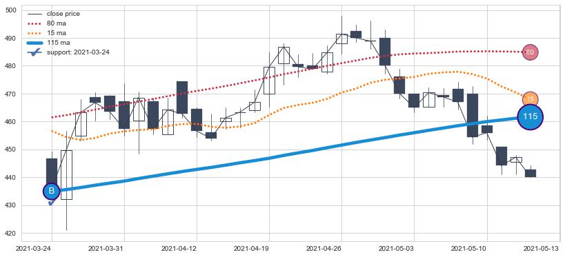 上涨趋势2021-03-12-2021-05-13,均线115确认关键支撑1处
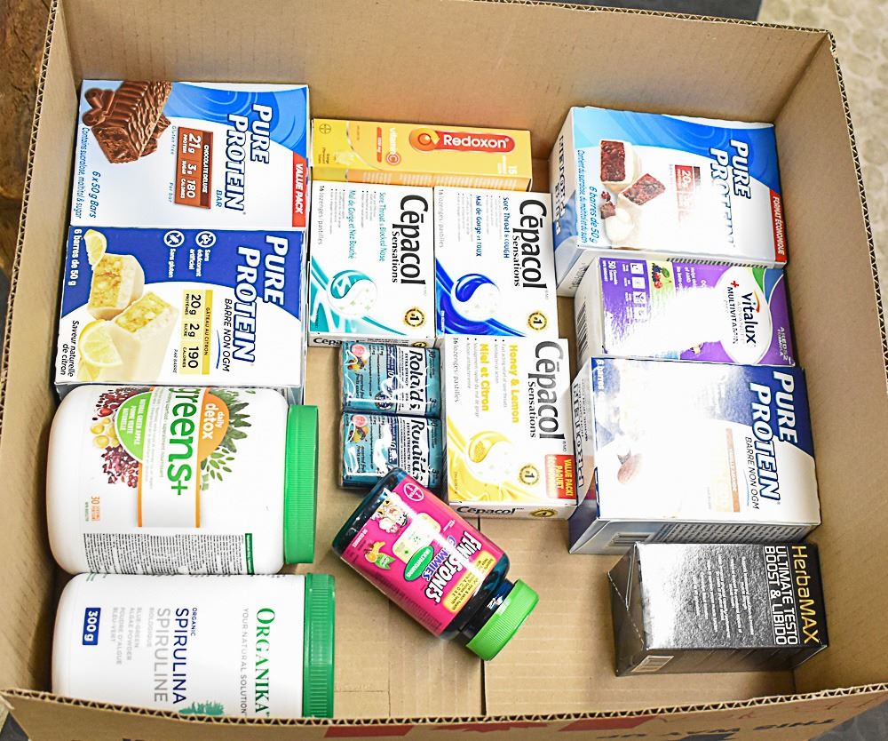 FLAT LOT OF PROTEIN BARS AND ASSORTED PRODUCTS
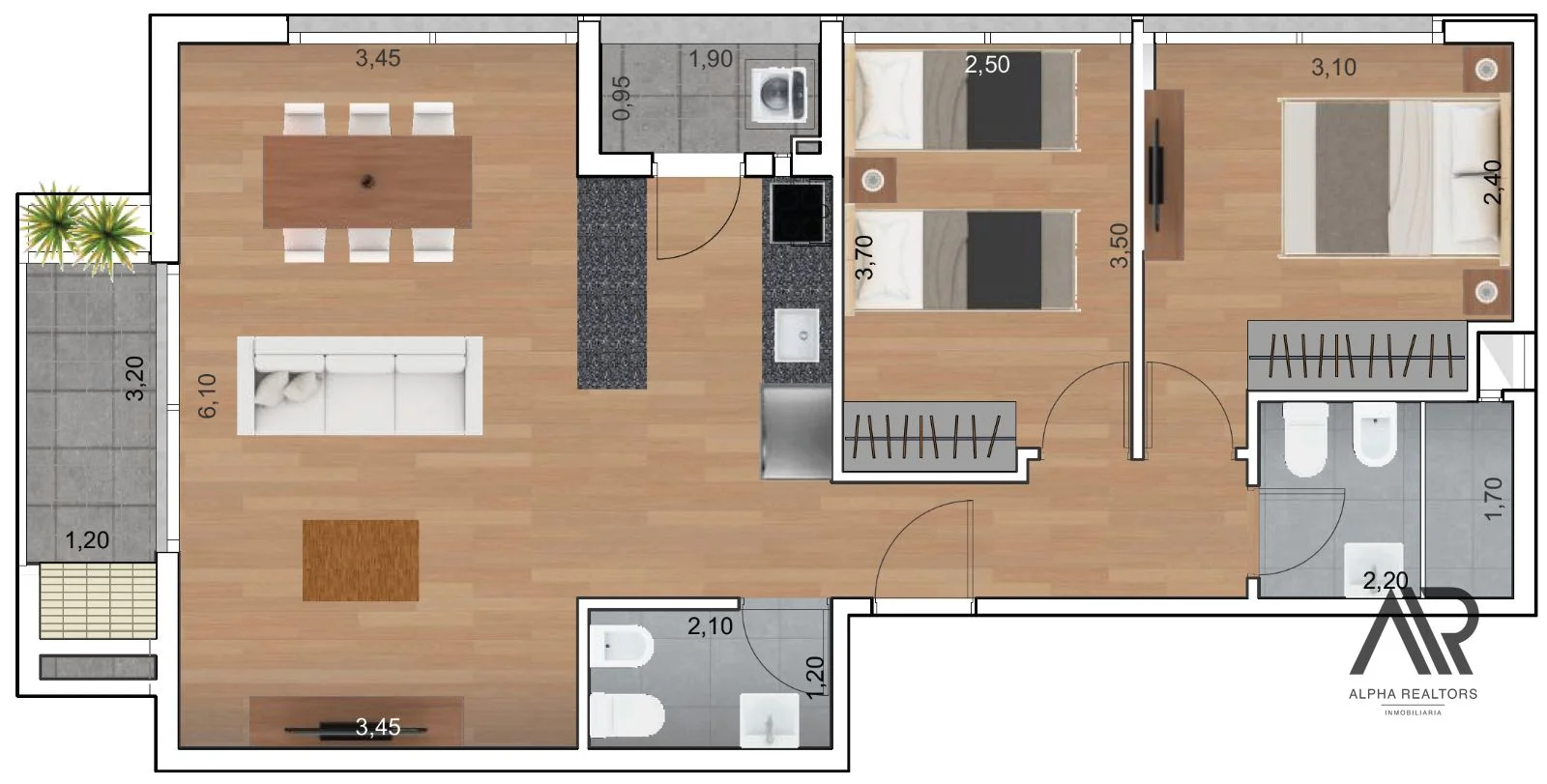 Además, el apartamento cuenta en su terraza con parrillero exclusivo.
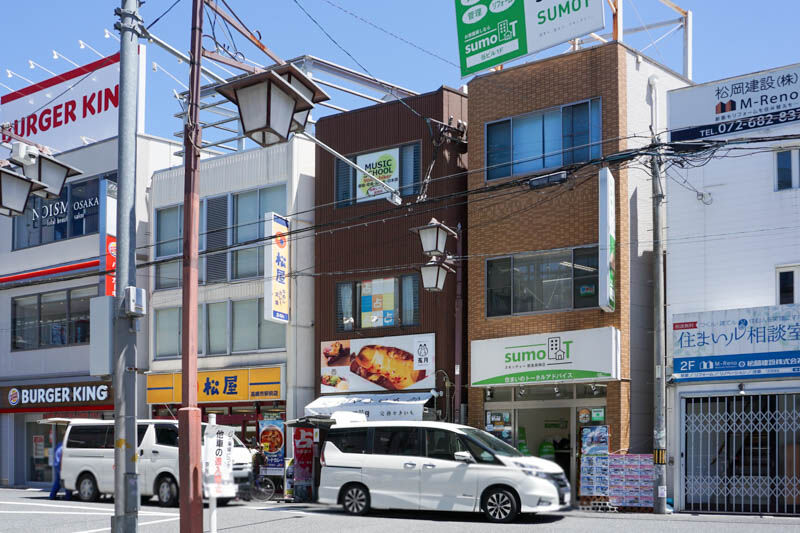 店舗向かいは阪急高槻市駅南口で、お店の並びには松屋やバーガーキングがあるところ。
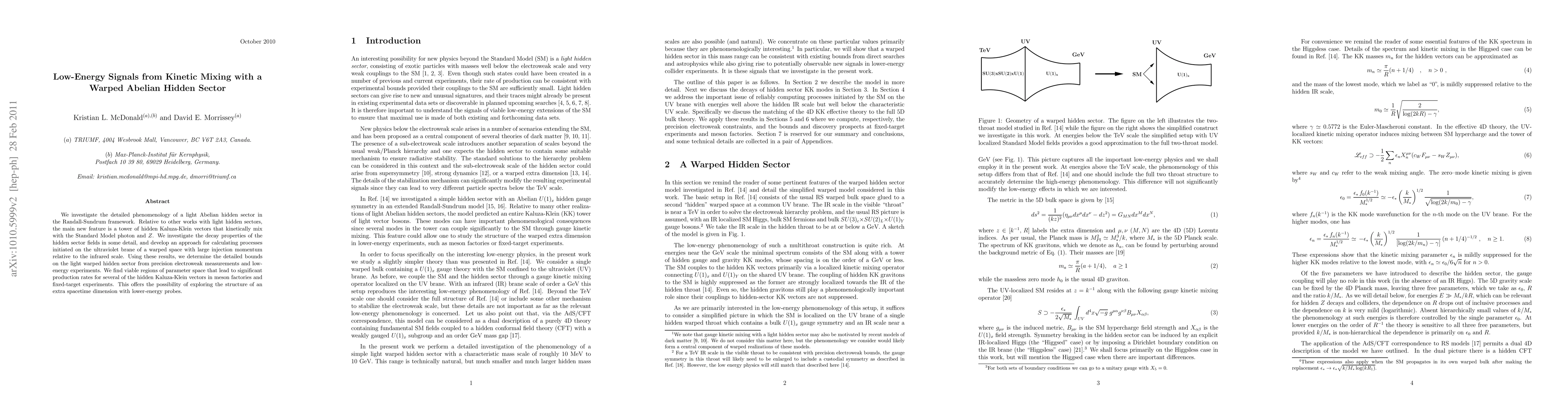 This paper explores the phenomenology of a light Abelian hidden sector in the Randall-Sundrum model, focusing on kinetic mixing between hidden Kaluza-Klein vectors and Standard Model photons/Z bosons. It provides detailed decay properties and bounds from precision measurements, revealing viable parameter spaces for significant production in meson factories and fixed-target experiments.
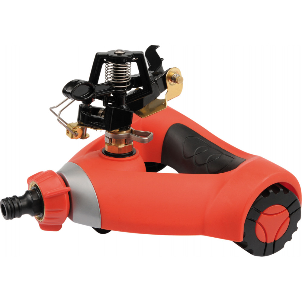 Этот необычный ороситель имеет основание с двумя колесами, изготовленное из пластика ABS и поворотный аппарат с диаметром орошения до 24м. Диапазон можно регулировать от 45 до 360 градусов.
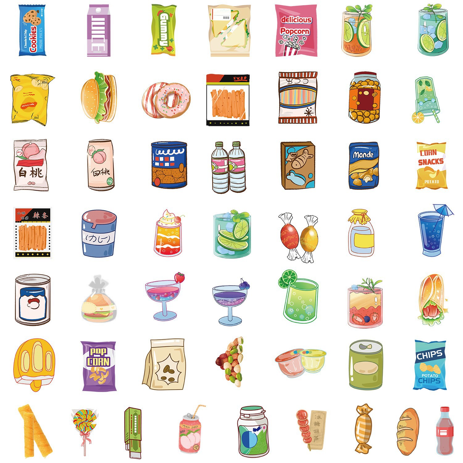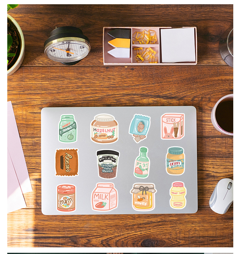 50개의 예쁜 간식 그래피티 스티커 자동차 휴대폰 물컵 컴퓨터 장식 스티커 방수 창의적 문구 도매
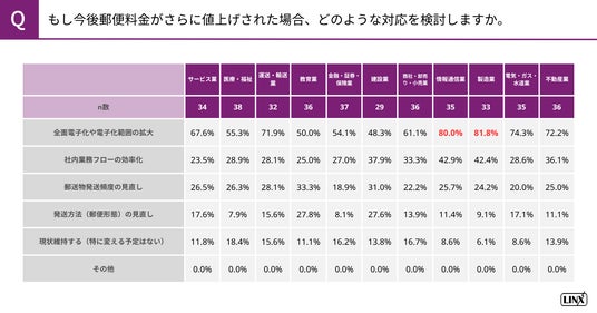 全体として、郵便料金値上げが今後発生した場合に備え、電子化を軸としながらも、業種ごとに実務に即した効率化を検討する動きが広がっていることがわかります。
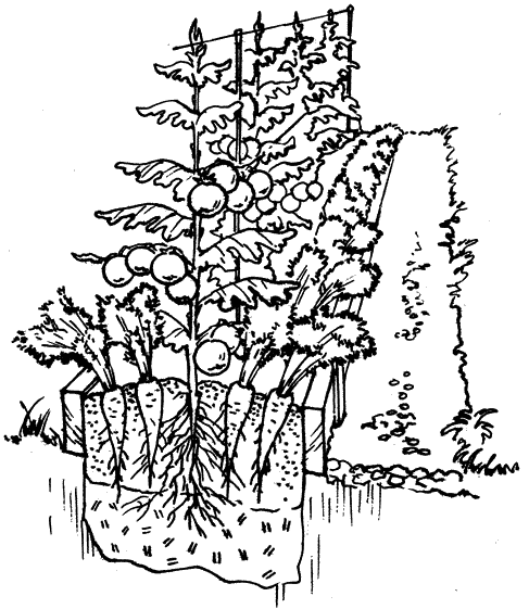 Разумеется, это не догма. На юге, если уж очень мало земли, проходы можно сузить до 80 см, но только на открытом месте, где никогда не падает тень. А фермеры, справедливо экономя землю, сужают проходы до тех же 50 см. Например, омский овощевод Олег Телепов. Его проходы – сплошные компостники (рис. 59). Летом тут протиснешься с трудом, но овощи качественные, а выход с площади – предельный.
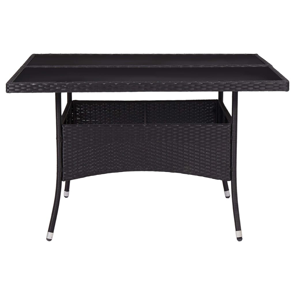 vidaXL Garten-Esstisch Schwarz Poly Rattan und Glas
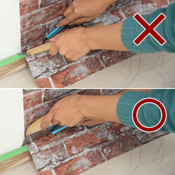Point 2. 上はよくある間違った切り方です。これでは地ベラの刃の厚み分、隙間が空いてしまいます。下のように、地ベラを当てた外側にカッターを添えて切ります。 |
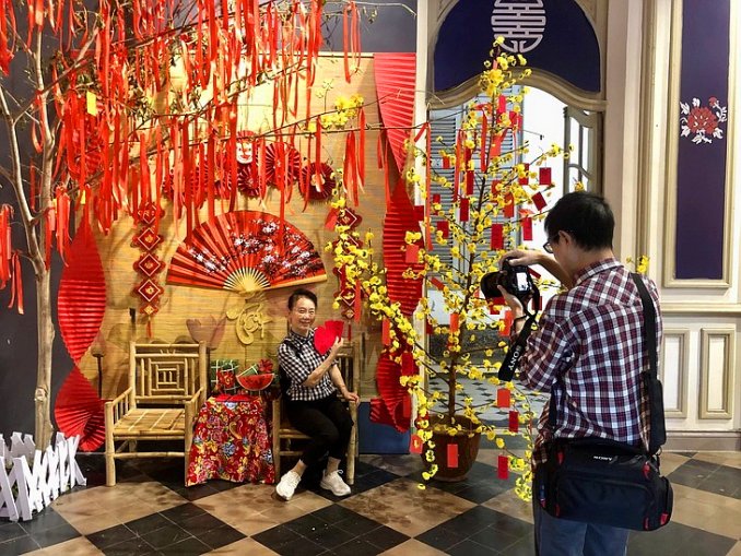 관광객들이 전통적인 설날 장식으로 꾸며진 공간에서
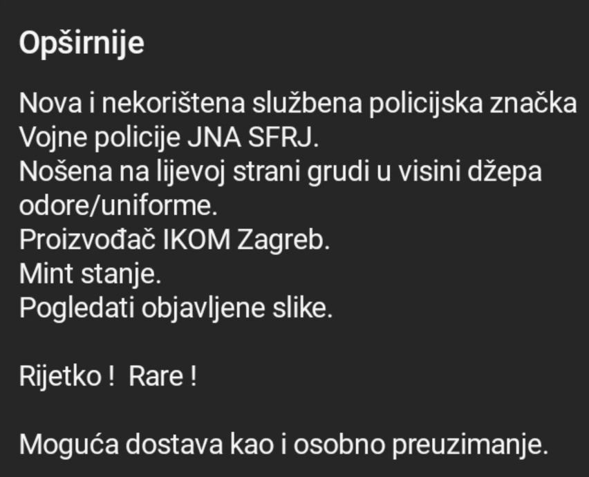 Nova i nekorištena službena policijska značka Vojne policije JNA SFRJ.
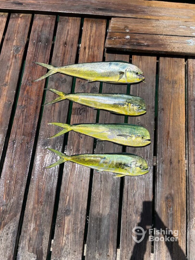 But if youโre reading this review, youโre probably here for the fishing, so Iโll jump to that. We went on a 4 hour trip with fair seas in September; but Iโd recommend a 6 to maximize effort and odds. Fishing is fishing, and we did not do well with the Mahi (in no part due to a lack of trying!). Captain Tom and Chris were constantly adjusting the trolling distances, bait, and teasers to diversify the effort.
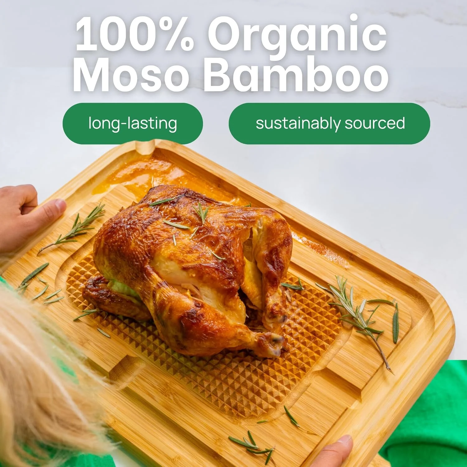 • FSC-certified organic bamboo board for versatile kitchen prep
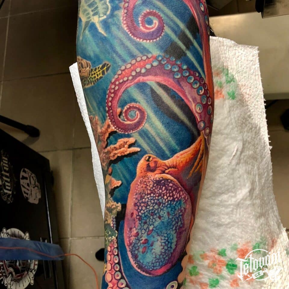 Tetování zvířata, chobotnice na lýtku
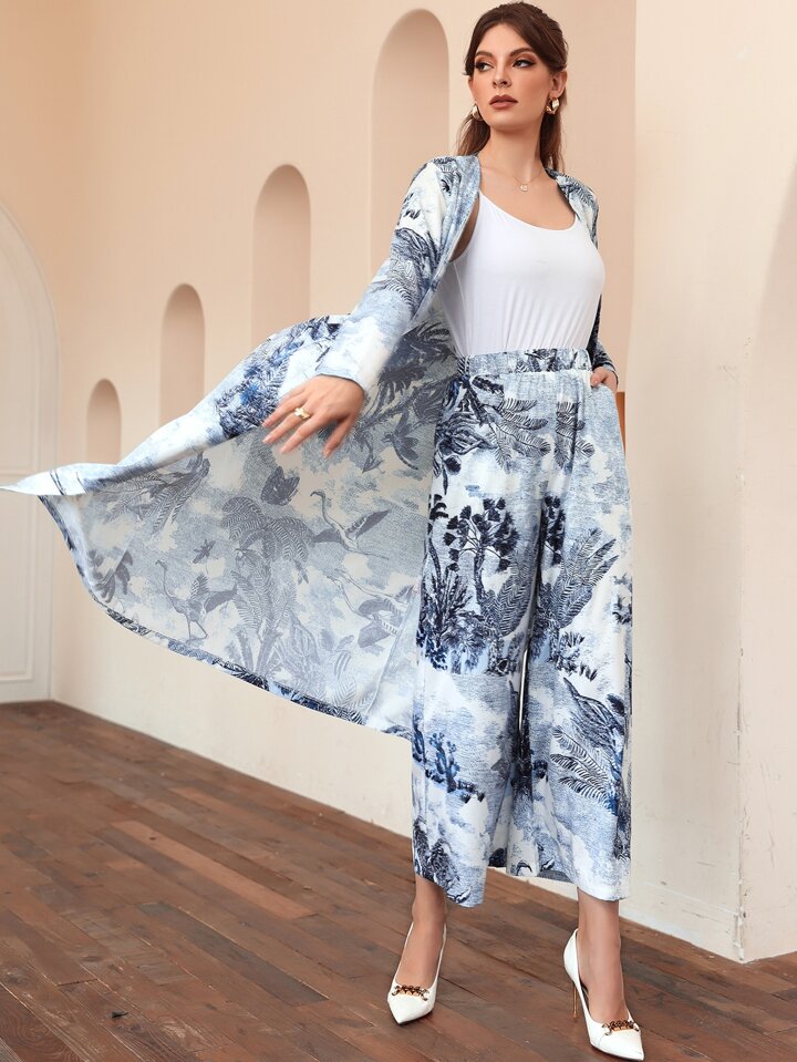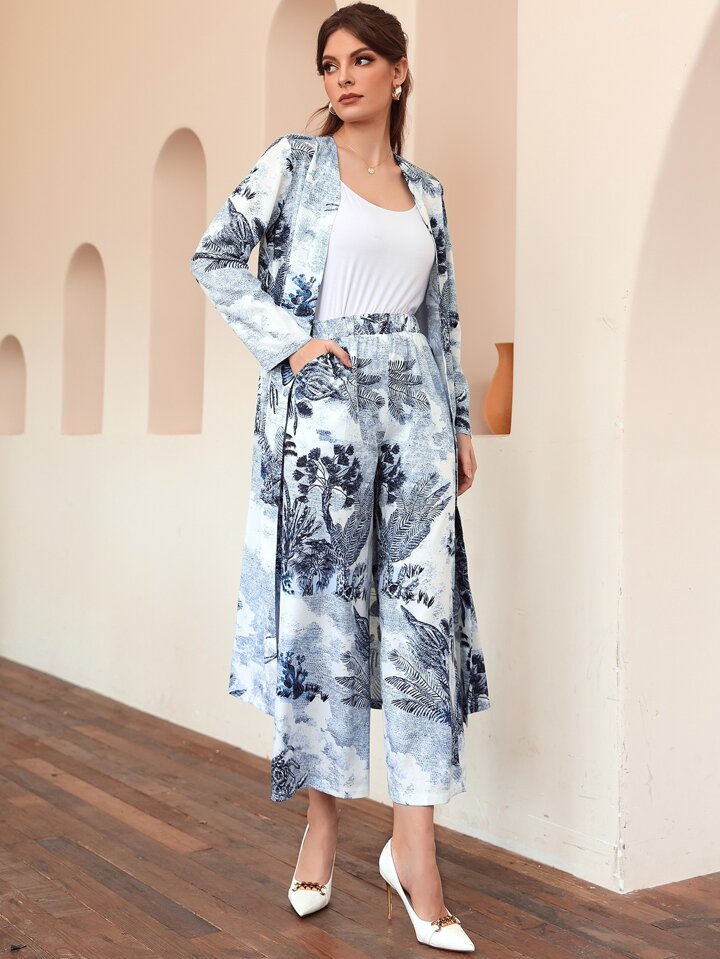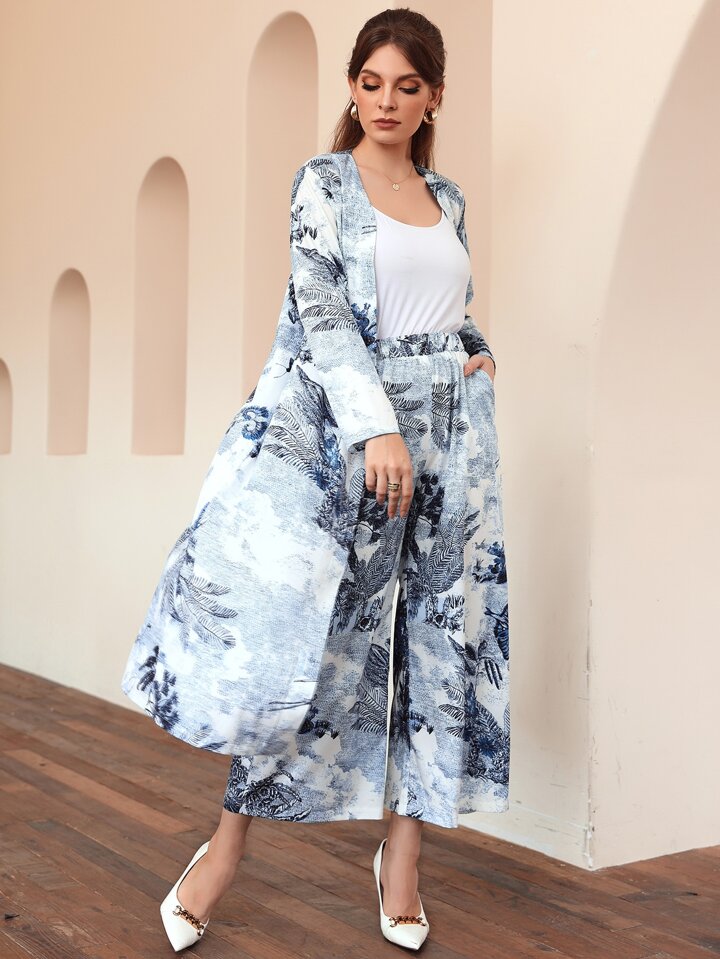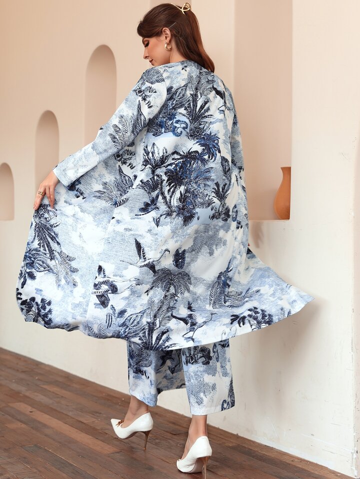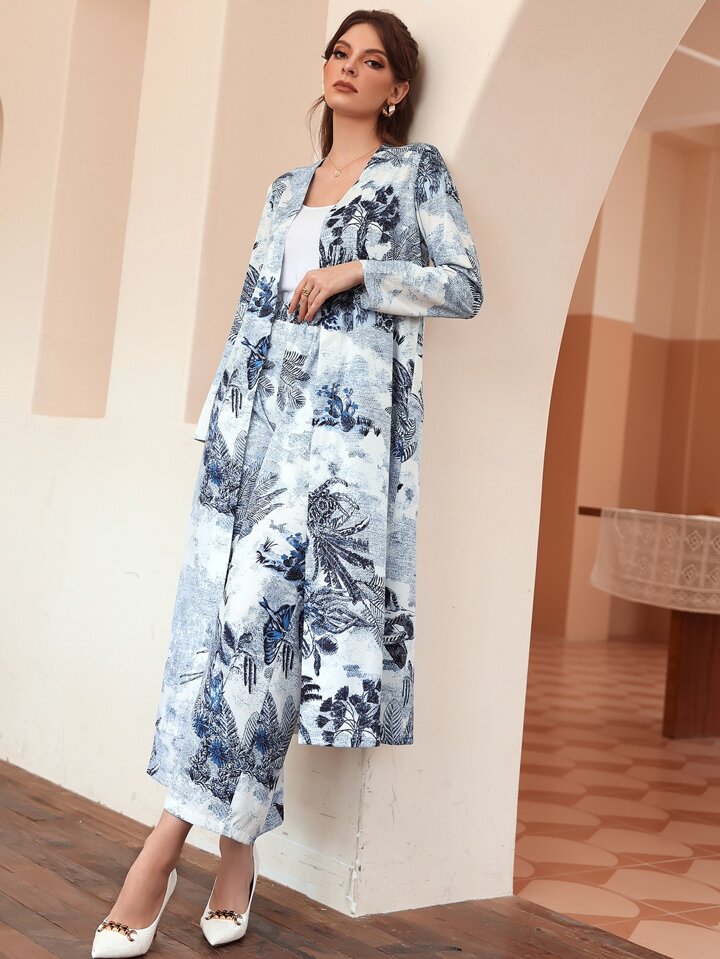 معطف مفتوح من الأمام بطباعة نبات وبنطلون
□ □ □ □ □ □ □
WHAT YOU HAVE TO DO -> Could you return, word for word, every line from the line with "Разумеется, это не" through the last line of the listing above, both ends included, without any pictures?

EXERCISE RESULT ->
 Разумеется, это не догма. На юге, если уж очень мало земли, проходы можно сузить до 80 см, но только на открытом месте, где никогда не падает тень. А фермеры, справедливо экономя землю, сужают проходы до тех же 50 см. Например, омский овощевод Олег Телепов. Его проходы – сплошные компостники (рис. 59). Летом тут протиснешься с трудом, но овощи качественные, а выход с площади – предельный.
 vidaXL Garten-Esstisch Schwarz Poly Rattan und Glas
Point 2. 上はよくある間違った切り方です。これでは地ベラの刃の厚み分、隙間が空いてしまいます。下のように、地ベラを当てた外側にカッターを添えて切ります。 |
 관광객들이 전통적인 설날 장식으로 꾸며진 공간에서
 Nova i nekorištena službena policijska značka Vojne policije JNA SFRJ.
 But if youโre reading this review, youโre probably here for the fishing, so Iโll jump to that. We went on a 4 hour trip with fair seas in September; but Iโd recommend a 6 to maximize effort and odds. Fishing is fishing, and we did not do well with the Mahi (in no part due to a lack of trying!). Captain Tom and Chris were constantly adjusting the trolling distances, bait, and teasers to diversify the effort.
 • FSC-certified organic bamboo board for versatile kitchen prep
 Tetování zvířata, chobotnice na lýtku
 معطف مفتوح من الأمام بطباعة نبات وبنطلون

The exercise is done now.